(Saved data entries)
###

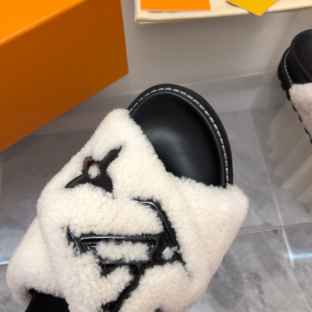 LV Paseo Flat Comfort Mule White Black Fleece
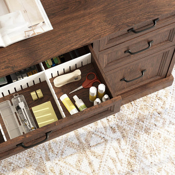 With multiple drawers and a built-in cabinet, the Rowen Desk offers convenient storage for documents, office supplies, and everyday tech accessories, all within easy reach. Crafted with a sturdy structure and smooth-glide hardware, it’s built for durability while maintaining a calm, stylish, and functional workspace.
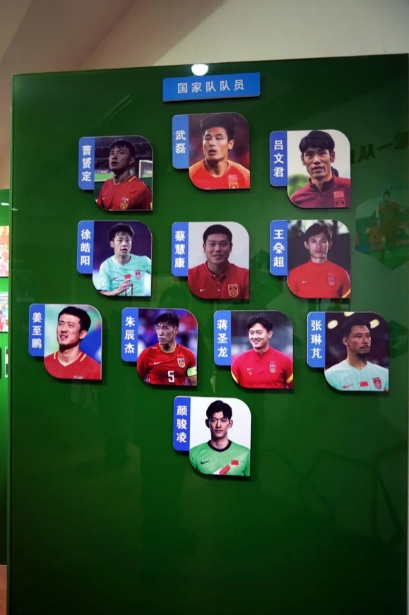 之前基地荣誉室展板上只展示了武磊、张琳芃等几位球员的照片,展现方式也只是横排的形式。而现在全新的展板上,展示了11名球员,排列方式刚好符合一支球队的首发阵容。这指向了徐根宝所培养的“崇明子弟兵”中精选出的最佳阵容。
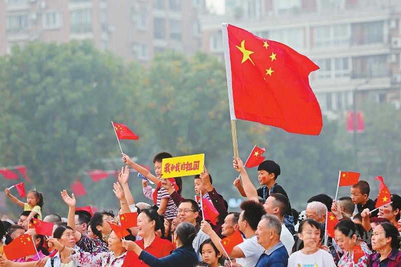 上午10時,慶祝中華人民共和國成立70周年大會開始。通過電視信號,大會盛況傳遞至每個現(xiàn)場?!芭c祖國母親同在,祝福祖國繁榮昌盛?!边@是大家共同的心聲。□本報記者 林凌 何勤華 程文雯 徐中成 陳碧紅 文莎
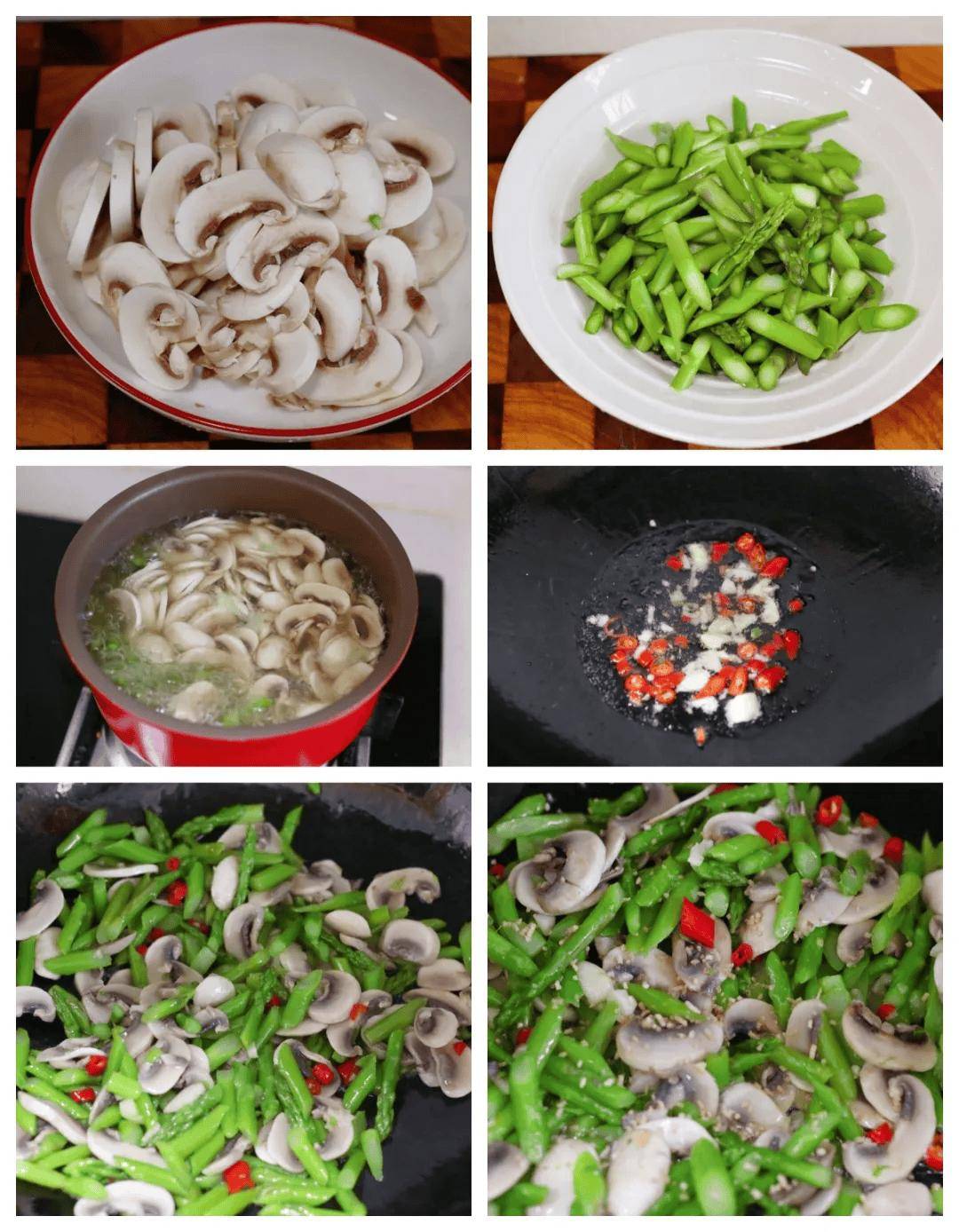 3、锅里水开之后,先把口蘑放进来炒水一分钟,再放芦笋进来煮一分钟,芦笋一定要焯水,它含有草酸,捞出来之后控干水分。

###

Exercise description:
Begin at the line containing "之前基地荣誉室展板上只展示了" and copy every line through the end of the data above exactly, omitting the pictures.

Exercise response:
 之前基地荣誉室展板上只展示了武磊、张琳芃等几位球员的照片,展现方式也只是横排的形式。而现在全新的展板上,展示了11名球员,排列方式刚好符合一支球队的首发阵容。这指向了徐根宝所培养的“崇明子弟兵”中精选出的最佳阵容。
 上午10時,慶祝中華人民共和國成立70周年大會開始。通過電視信號,大會盛況傳遞至每個現(xiàn)場?!芭c祖國母親同在,祝福祖國繁榮昌盛?!边@是大家共同的心聲。□本報記者 林凌 何勤華 程文雯 徐中成 陳碧紅 文莎
 3、锅里水开之后,先把口蘑放进来炒水一分钟,再放芦笋进来煮一分钟,芦笋一定要焯水,它含有草酸,捞出来之后控干水分。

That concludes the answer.